1961 LPGA Championship

Tournament information
- Dates: October 12–15, 1961
- Location: Las Vegas, Nevada
- Course: Stardust Country Club
- Tour: LPGA Tour
- Format: Stroke play – 72 holes

Statistics
- Par: 71
- Cut: none
- Prize fund: $15,000
- Winner's share: $2,500

Champion
- Mickey Wright
- 287 (+3)

= 1961 LPGA Championship =

The 1961 LPGA Championship was the seventh LPGA Championship, held October 12–15 at Stardust Country Club in Las Vegas, Nevada.
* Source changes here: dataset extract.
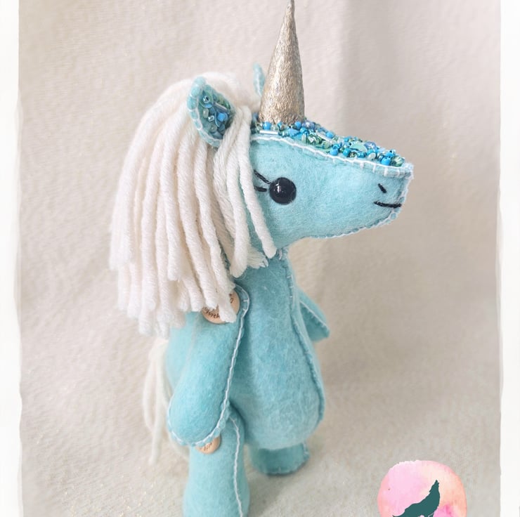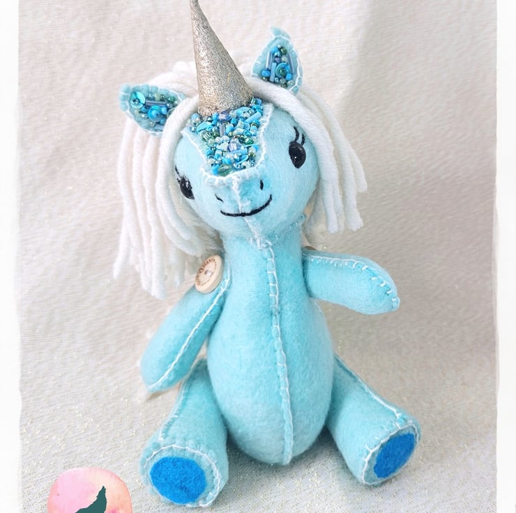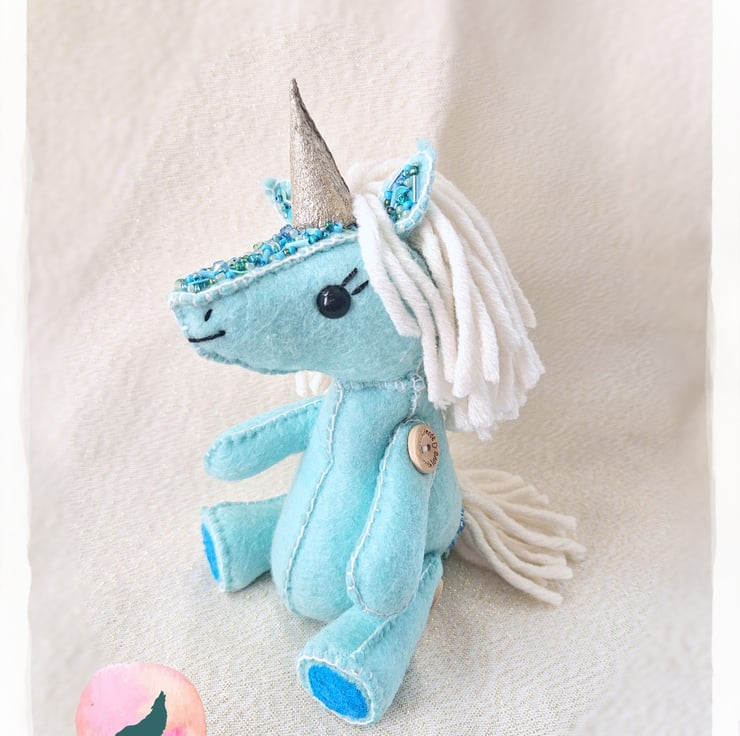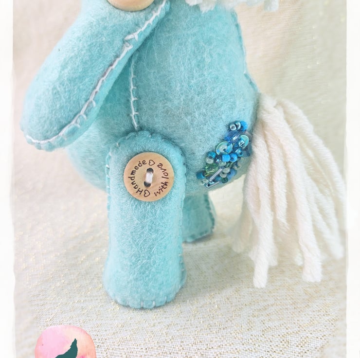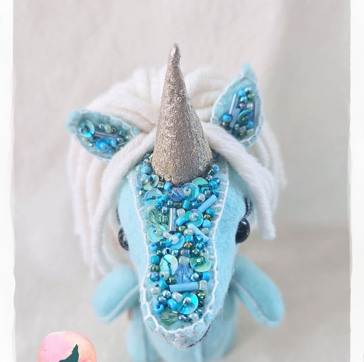 Tiffany is a very magical unicorn in the classic Tiffany blue colour. The top of her head, ears & cutie mark on her hip are adorned with sequins, crystals and seed beads to match her colouring with cream hair made from yarn.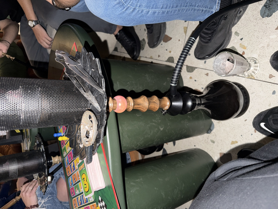An indoor scene in Sofia, Bulgaria, depicts a social gathering around a dark green, round table with thick cylindrical legs. A black and wooden hookah with a black glass base, a wooden stem featuring a pink bead, and a black perforated metal top stands on the light-colored terrazzo flooring. The hookah's top tray holds a small, round metal ash catcher containing ash and burnt charcoal pieces, alongside a pair of metal hookah tongs. A black hose with a metal spring coil extends from the hookah base. On the table, an "Activity" board game is displayed, showing colorful squares and a stack of three pink cards labeled "3". Two game pawns, one blue and one yellow, are positioned on the board. A stack of red cards is also visible. At least four individuals are partially visible. To the left, a person wears blue ripped jeans and a ring on their left hand. Another individual, top right, wears grey trousers and a watch on their left wrist, holding a black hookah hose with their right hand. The lower right portion shows a person wearing blue jeans and black sneakers. In the lower left, a person wears black trousers and black sneakers with a white Nike swoosh. A clear, stemmed glass, mostly empty with a straw inside, rests on the floor next to the hookah base. The environment is dimly lit.

Defending champion Mickey Wright won the third of her four LPGA Championships, nine strokes ahead of runner-up Louise Suggs, the 1957 winner. It was Wright's third major title of the year and the seventh of her thirteen career majors. It was her tenth tour victory of the 1961 season.

Stardust Country Club opened earlier in the year and hosted the LPGA Championship for six consecutive years, through 1966. After several ownership and name changes, it became Las Vegas National Golf Club in 1998.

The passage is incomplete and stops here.